今年パライゾへ旅立った3名を除くと、駐日パードレは37名。サンチェスがいなくなったから、滞日歴では私が最年長だ。

私はヴァリニャーノに命じられて、全員に召集をかけた。

超大物の再来と、世界の中心を見て帰ってきた日本人少年たちをひと目拝まんものと、大勢の信徒たちを引率してきた者も結構いる。

断りきれるものではないよな。それもわかる。

驚くのはむしろ、そんな日本人たちとも積極的に交流しようとするヴァリニャーノの姿勢だ。

めんどくさいし、キリがないだろうに、ヴァリニャーノは連日、かれらと対話した。

 

日本布教の実態をたしかめ駐在員たちの査定をするためだという狙いはわかっている。それにしても精力的だったし、日本人信徒たちからの支持率は天井知らずで跳ね上がった。

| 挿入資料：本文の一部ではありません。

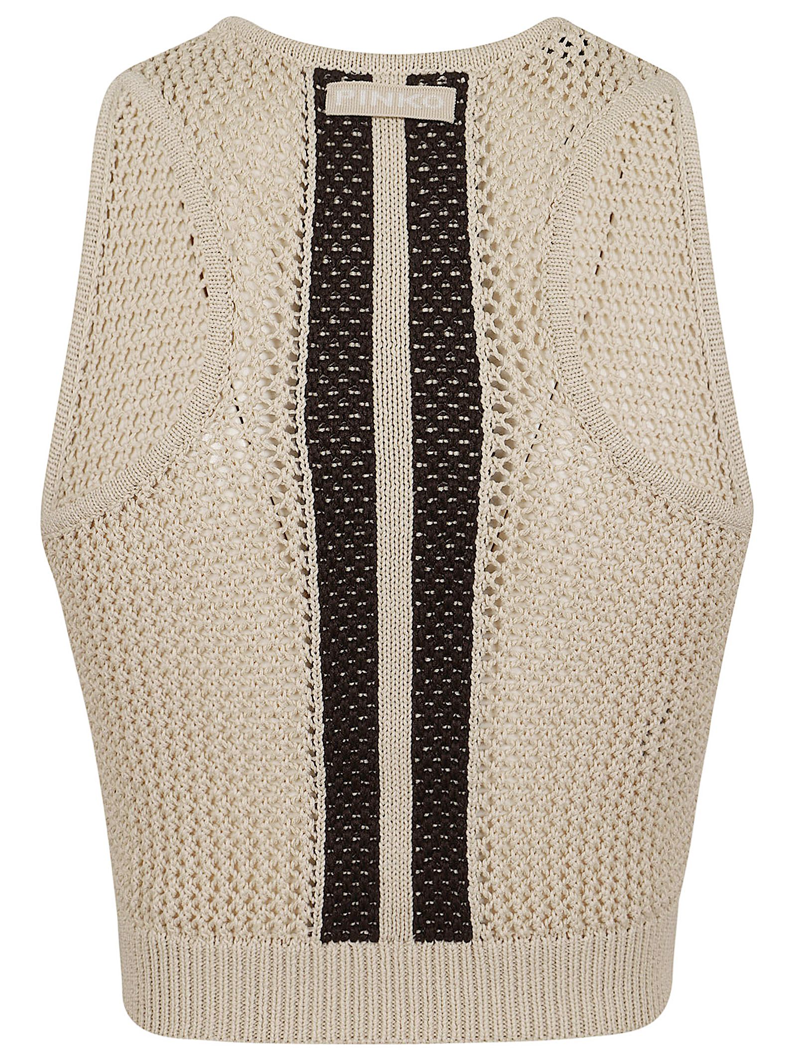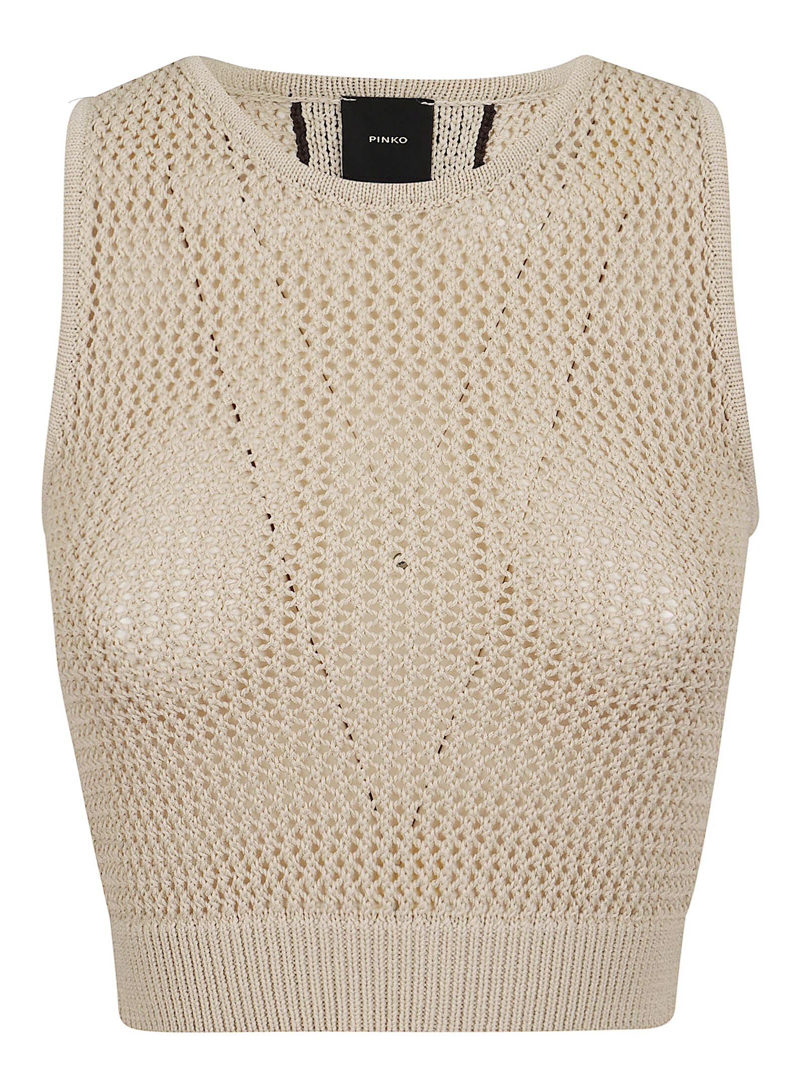Top by Pinko caratterizzato da una lavorazione in maglia a rete (crochet), scollo rotondo, senza maniche.Realizzato in misto cotone per garantire freschezza e comfort

そんな姿を見せられると、この人に小細工で立ち向かおうなどという考えは起きなくなる。余計、恥を掻くのがオチだ。

日本人たちにも、日頃の思いをそのままぶつけたまえと敢えて言おう。この言い方なら、私に憂さをぶつけてくる輩も出にくいと思う。結果、私もたすかる。

 

合宿所はドン・プロタジオから邸を一軒、提供してもらった。追放令直後のフィラドでは狭い長屋で虱まみれになったものだが、それよりずっと広くて良い邸宅だった。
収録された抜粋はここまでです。